У Сочана серое широкое лицо с выдающимся, загнутым фомкой подбородком. У него правильный нос, у него серые волосы. Вид у него не кавказский и не восточный, невзирая на близкую к армянской фамилию, — он украинец. Лет ему около тридцати, телосложения он умеренного, сильного, но, как бросается в глаза, рама его, скелет тела подустал нести Сочана. Слова его, резкие и тяжелые, сегодня свободны от бытовых интонаций. На него дохнул ледяной воздух ожидаемого приговора, первый клуб судебного перегара, надышанного судебным разбирательством, когда закон пил и пил, не отрываясь, грязь и кровь их уголовного дела: факты, цифры, гулкие слова никчемных и ничтожных свидетелей. Сочан очистился приближением приговора. Я видел его с десяток дней до этого. Затем в моем процессе объявили перерыв, я не видел Сочана, и вот он предстал предо мной очищенным, простым, суровым, величественным, торжественным.
— Как у тебя? — Он остановился передо мной.
Я отвечаю, что приступили к допросу свидетелей обвинения. Что большинство свидетелей обвинения дают показания в мою пользу. «Что, ты думаешь, дадут?» — спрашивает он. Тем, что он спрашивает у меня в такой для него день, он подымает меня высоко в глазах у зэков. В сложный день, в тяжелый день на пороге меж тем и этим миром он обращается ко мне. Я отвечаю, что думаю, что дадут. Сколько, не представляю. Могут и двадцать три, и семь десятых дать. Я считал.
— Нам, конечно, один-то пыж обеспечен, — говорит Сочан. — Хитрому вывесят камень на шею.
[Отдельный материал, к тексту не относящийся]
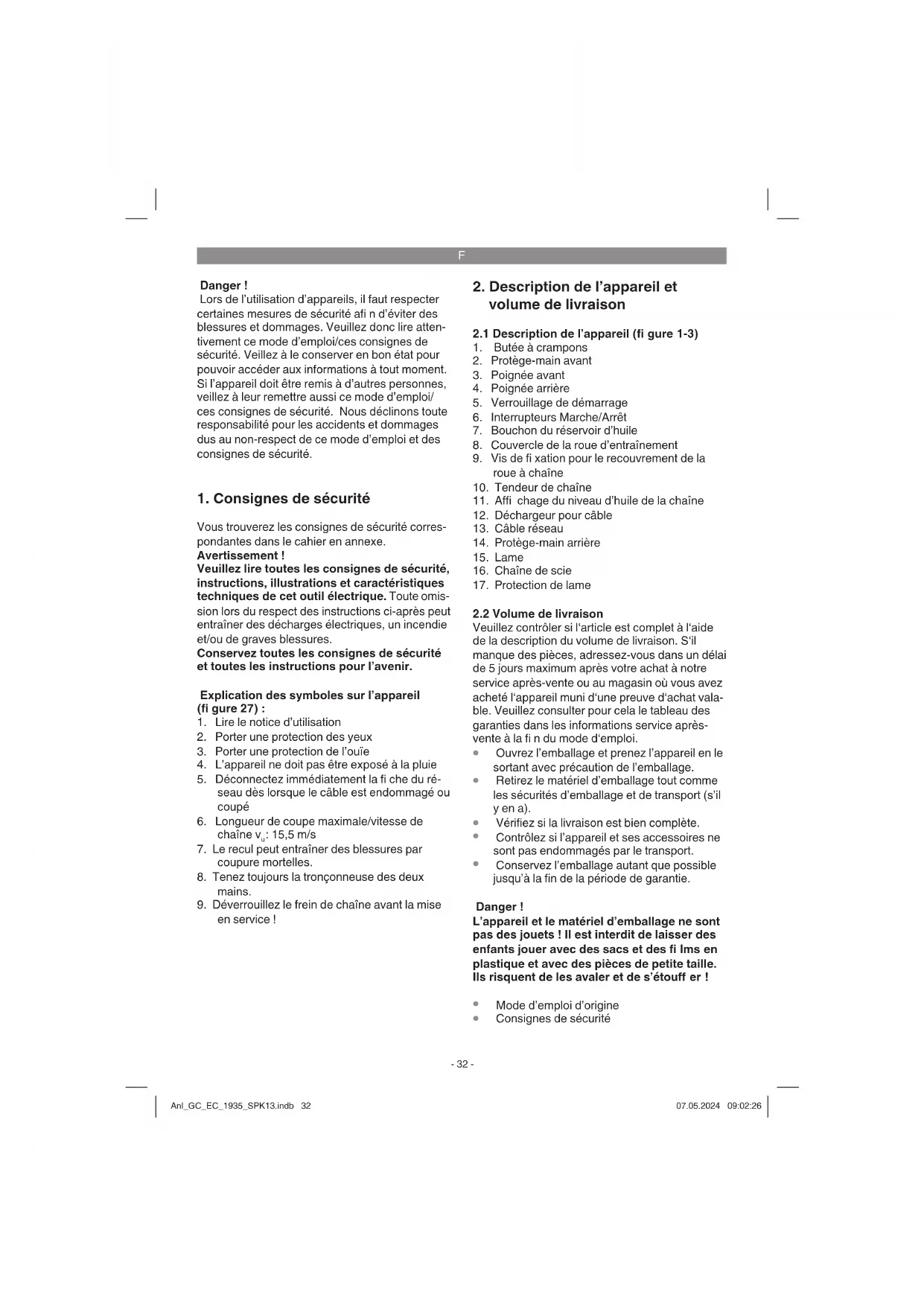 Avant toute utilisation, vérifi ez les points suivants afi n de travailler en toute sécurité : Etat de la scie à chaîne Avant de commencer à travailler, contrôlez la scie à chaîne et vérifi ez que le boîtier, le câble réseau, Anl_GC_EC_1935_SPK13.indb 35Anl_GC_EC_1935_SPK13.indb 35 07.05.2024 09:02:2707.05.2024 09:02:27F

Он показал судье, представляешь, Хитрый, как он стоял в яме и у него, у Хитрого, был маленький такой пистолетик, а я стоял сверху с большим пистолетом и приказывал ему дострелить труп. Ну что я мог сделать, Ваша Честь, только подчиниться. У него маленький пистолетик, у меня большой, а, каково?
Сочан оглядывает нас, обводит взором, приглашая подивиться глупости Хитрого. Мы натягиваем рты, как бы улыбаясь. Я знаю этот эпизод. Хитрый хотел вывернуться, показал на суде, что его принудил стрелять якобы Сочан. Сочан отрицает это, и в деле нет ни единого свидетельства, что он, Сочан, застрелил хотя бы одного из пяти «потерпевших», но теперь все эти детали не имеют значения. Теперь и Сочану, и Хитрому, и Морде, и Угрюмому, и Прохору — всем восьмерым придется выслушать приговор. У Сочана твердое костистое лицо непростого человека. В лице нет и мельчайшего указания, что вот человек из города Энгельса Саратовской области, предприниматель и бандит. Можно определить его: вот человек из Ломбардии или вот человек — гладиатор из школы гладиаторов, первый век нашей эры. Или персонаж фильма Пазолини о ранних христианах. Сухие щеки — срезанный тростник, прямой нос, твердые губы. Никаких покраснений, никаких кратеров прыщей, нет угрей, ровная суровая германская серость. И светлые глаза под бровями. Такой взмахивает двуручным мечом или едет на танке по русской равнине. Германец.
Via Dolorosa — дорога Боли. Сочан уходит по дороге страданий, дороге Боли.
Глаза темны от русского мороза,
Как весел, как прекрасен русский лес.
В последний раз по Via Dolorosa
Уходит в ночь дивизия СС…
— Зачем же Вы, Веретельников, взяли пистолет с собой, — спрашивает судья, — если Вы не собирались убивать?
— Ваша честь, — отвечает Хитрый, — я боялся за свою жизнь. Что этот, с большим пистолетом, может и меня прикончить.
— А, как вам это? — Сочан опять обводит нас взором.
Нам? Для нас он и Хитрый сравнялись. Как бы они там ни выворачивались, выгораживая себя. Теперь они стоят перед лицом вечности все, прижавшись, группа из восьми мужиков. И судья Каневский поехал в Москву. Привезет им приговор и огласит, сколько жизни отберет государство из их личной вечности у каждого. У одного из них государство наверняка отберет всю оставшуюся жизнь. И возьмет себе, чтобы тупо глядеть спрятанными под повязкой Фемиды слепыми, наглыми очами, как вянет человек, словно цветок в подвале.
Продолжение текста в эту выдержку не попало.